Following the same steps as before, we try to define the extern variant
as:
#[no_mangle]
pub extern fn config_new() -> *mut Config {
...
}
#[no_mangle]
pub extern fn config_hash_password(config: *const Config, pw: *const c_char)
-> *mut c_char
{
...
}
#[no_mangle]
pub extern fn config_free(config: *mut Config) {
..
}
cbindgen will happily oblige to turn Config
into a opaque pointer by
defining
struct Config;
and wrapping the other methods as usual.
However, this is where things get a bit more difficult. We cannot use the
%newobject
trick in Swig from before, since we aren’t able to clone
Config
to anything meaningful in the target language. But we still don’t
want to force the user to perform freeing manually.
We could follow the advice from the FFI Omnibus in each language to turn these into structs/classes/objects or whatever each language offers, but this defeats the purpose of using Swig.

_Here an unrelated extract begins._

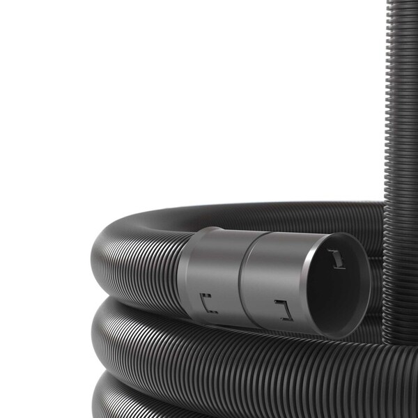 Двустенные гибкие электротехнические трубы могут использоваться как для прокладки кабеля, так и для организации ливневой организации. В первом случае удобнее использовать трубы с протяжкой – она позволяет легко проложить кабель во внутреннем пространстве трубы. Труба имеет высокую кольцевую жесткость. Диаметр 110 мм, поставляется бухтами по 50 метров. Материал – ПНД.
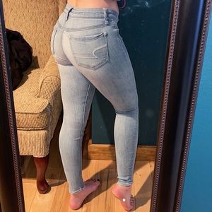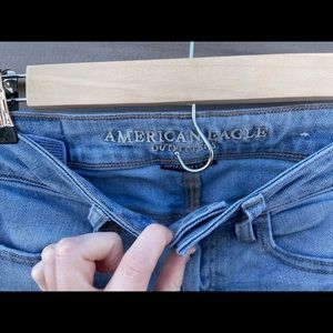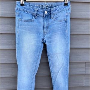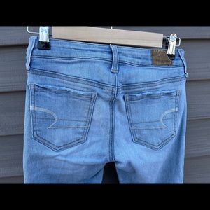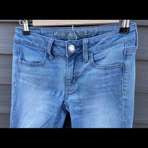 Very cute, light wash, American Eagle skinny jeans. Have been worn a few times with very little wear and tear. I am

Instead, we create a new C++ class in our Swig interface file, which will be inlined in the wrapper code, (using namespacing to avoid naming clashes but Swig will flatten namespaces by default). Since Swig supports C++, these classes will be converted into the appropriate object in the target languages.
namespace libpasta {
class Config {
ffi::Config *self;
public:
Config() {
self = config_new();
};
~Config() {
config_free(self);
self = NULL;
};
char *hash_password(const char *password) {
return config_hash_password(self, password);
};
};
}
Now Swig will do the work to convert these to proper, native methods. Which can be used like:
>>> import libpasta
>>> cfg = libpasta.Config()
>>> cfg
<libpasta.Config; proxy of <Swig Object of type 'libpasta::Config *' at 0x7fae3bb85b70> >
>>> cfg.hash_password("hunter2")
'$$scrypt$ln=14,r=8,p=1$6MFy2ynsD3eZcp8FCZcunw$zrdE1fOrCIZYFO0xHGopxBUnody4AZ4LQ640LkRXU9A'
Which in my opinion is pretty cool.
After creating these bindings, there is still the task of packaging each language binding in each of the unique packaging methodologies… But that’s an orthogonal problem which exists in either case.
This is a pretty effective setup. We can write our Rust code as idiomatic as we want, write a few standard extern functions to access the main methods, and Swig mostly does the rest.
However, the whole Rust -> C -> C++ -> Swig process is really one, if not two, hops too many. The C++ classes we are exposing are really the same Rust structs we would like to expose. It would be interesting to know whether wrapper C++ code could be written for Rust, which would effectively do the same as cbindgen.
Even better would be perhaps procedural macros for Rust structs and functions which automatically derives these wrapper functions and builds the corresponding header files. It would be interesting to know the potential pitfalls of this approach.
union
, but Swig doesn’t yet support those,
so they have to be handled a bit more manually.Thanks for reading! Happy to respond to any comments on the reddit thread, or reach out to me on twitter.
This does have the unfortunate unwrap
, which panics in case there is a
\0
byte in the string, which is permitted in Rust String
s. In the case
of libpasta, everything is usually base64 encoded so should not happen.